Henry William Henfrey (1852–1881) was an English numismatist.

==Life==
Born in London on 5 July 1852, he was eldest son of Arthur Henfrey, and was educated at Brighton College. He was prevented by an accident from going on to the University of Oxford.

Henfrey was encouraged in archæological and numismatic studies by Peter Cunningham, Joseph Bonomi the Younger, and Admiral William Henry Smyth. He joined the Numismatic Society of London in 1868, and became a member of the council. He was a foreign member of the Belgian and French numismatic societies, and of several American societies. He was elected a member of the British Archæological Association in 1870.
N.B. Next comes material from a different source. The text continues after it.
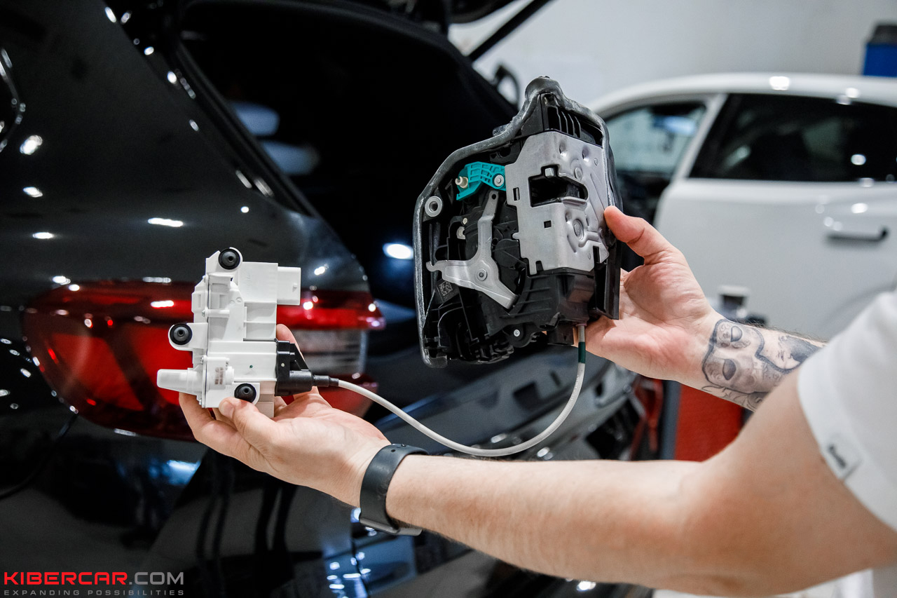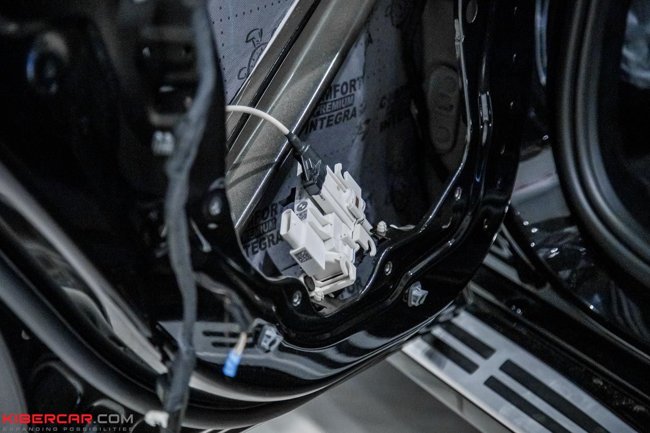 Мастера установили доводчики на все четыре двери автомобиля. В процессе дооснащения снимается обшивка с двери, демонтируется штатный замок. После этого на его место ставится новый, уже оснащенный электромотором и тросовой системой, обеспечивающей стабильную работу системы доводчика.
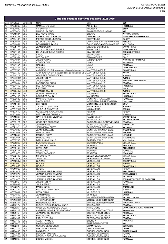 La carte des SSS (Sections Sportives Scolaires) de l’Académie de Versailles pour la rentrée 25-26 a été officialisée.

Henfrey died, after returning from a visit to Italy, on 31 July 1881 at Widmore Cottage, his mother's house at Bromley, Kent.

==Works==
In 1870 Henfrey published A Guide to the Study of English Coins, London, (2nd edit. by Charles Francis Keary, London, 1885). His major work was Numismata Cromwelliana, London, a full account of the coins, medals, and seals of The Protectorate.

One of his early numismatic writings was a paper in the English Mechanic on Queen Anne's farthings. He contributed to the Numismatic Society's proceedings 12 papers, mainly on English coins and medals, and printed in the Numismatic Chronicle. He also contributed papers to the proceedings of British Archæological Association, especially on the medals of Oliver Cromwell, and on the coins of Bristol and Norwich. At the time of his death he was working on a history of English country mints.